Penalties for Inaccuracies: Types of inaccuracy: Under- assessment by HMRC
You must check the date from which these rules apply for the tax or duty you are dealing with. See You must check the date from which these rules apply for the tax or duty you are dealing with. See for full details.
A penalty may be appropriate where tax has been under-assessed because of the person’s (P’s) failure to send us a return, see CH81090. You must consider
- whether P knew or should have known about the under-assessment, and
- what steps (if any) it would have been reasonable for them to take to tell you about the under-assessment.
P must tell you if they think the assessment is too low.
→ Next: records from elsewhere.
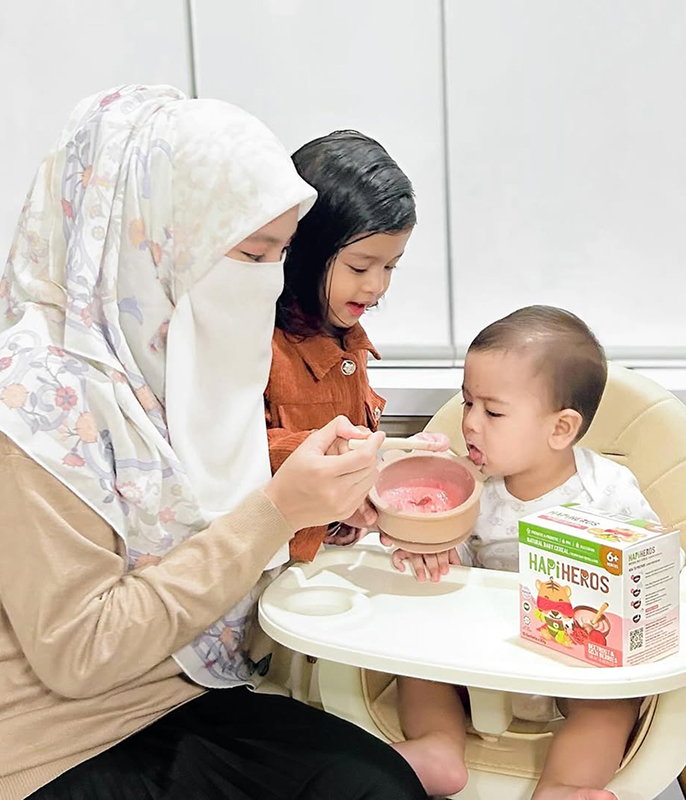 1st solid food utk Sayf, Rin pilih brand Hapiheros @hapifam_my. Rin dah try trial pack yg ada semua perisa Sayf suka semua flavour,, Alhamdulillah!
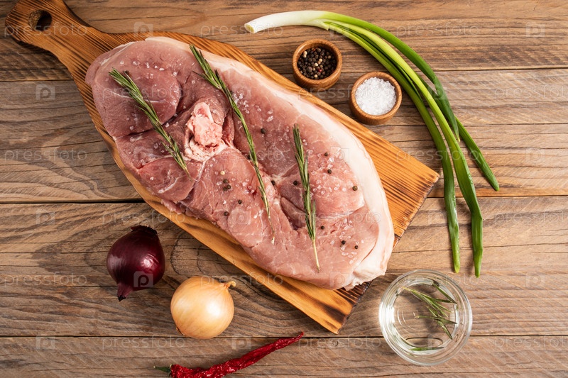 Большой сырой кусок свинины на пару на разделочной доске и деревянный стол со специями. вид сверху. деревенский стиль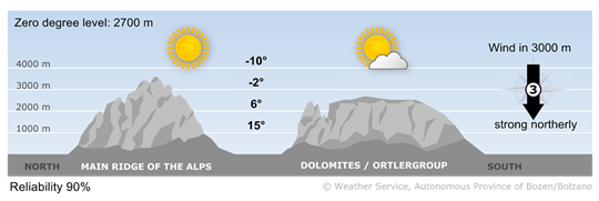 The sun will shine from morning till evening from a largely cloudless sky. Northerly wind will continue to blow in the villages near the main Alpine ridge.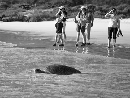 Our firs outing was in Punta Cormorant. Early risers joined us for a naturalist walk at 6:30 in the morning. The first light of the day was captured by our cameras while sea turtles were struggling in the waves close to shore trying to mate. The white sand beach was also colored by the bright color of the Sally lightfoot crabs and shorebirds were running along the beach trying to pick up small crustaceans.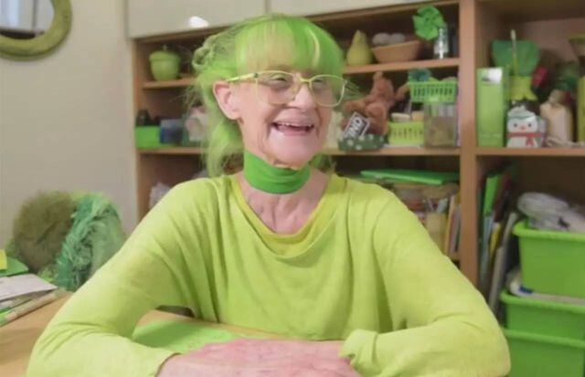"Es el color más positivo en todo el mundo", dice Elizabeth. "Me hace sentir feliz. Puedo despertar realmente miserable en la mañana, y luego vestirme de verde y todo se vuelve maravilloso". Pero eso no es su única motivación para vestirse de verde exclusivamente. La artista de 75 años de edad, también lo hace porque hace feliz a la gente.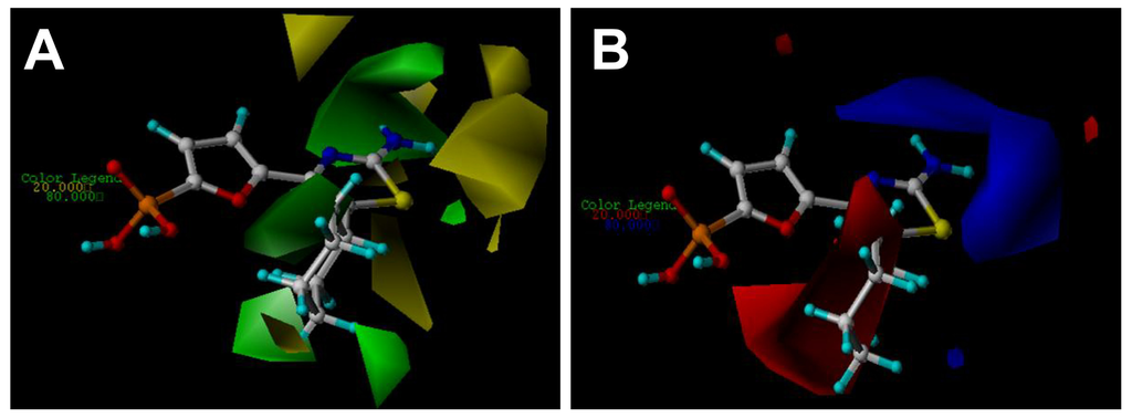 The steric and electrostatic fields from the best CoMFA model are represented in Figure 3. In the steric field (Figure 3A), the green-colored contours represent the regions of favorable steric effect, while yellow-colored contours represent regions of unfavorable steric effect, respectively.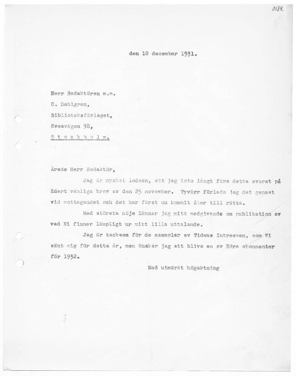 • 0134 / den 10 december 1931. / Herr Redaktören m.m. / C. Dahlgren, / Biblioteksförlaget, / Sveavägen 98, / Stockholm. / Ärade Herr Redaktör, / Jag är mycket ledsen, att jag inte långt före detta svarat på Edert vänliga brev av den 25 november. Tyvärr förlade jag det genast vid mottagandet och det har först nu kommit åter till rätta. / Med största nöje lämnar jag mitt medgivande om publikation av v... Visa hela

Reasonable steps to tell you about the under-assessment include
- phoning to discuss it
- writing, e-mailing or faxing an HMRC office to tell us the assessment is insufficient
- consulting an agent to enable them to inform us and ensuring HMRC are informed within the 30 day period
- sending us the completed return after the assessment has been issued.
P will not be liable to a penalty if they tell us that the assessment is too low within 30 days of the date the assessment is issued. P only has to tell us the assessment is too low. They do not necessarily have to send us the outstanding return. You may need to consider what other action is appropriate to obtain the return.
A person who sends their return in on time will not receive an assessment of estimated liability. They will have self-assessed, or declared their tax liability, and so this penalty will not apply.
This penalty could apply where, exceptionally, an IHT account is not received within the appropriate time-limits and we make a determination of the tax due.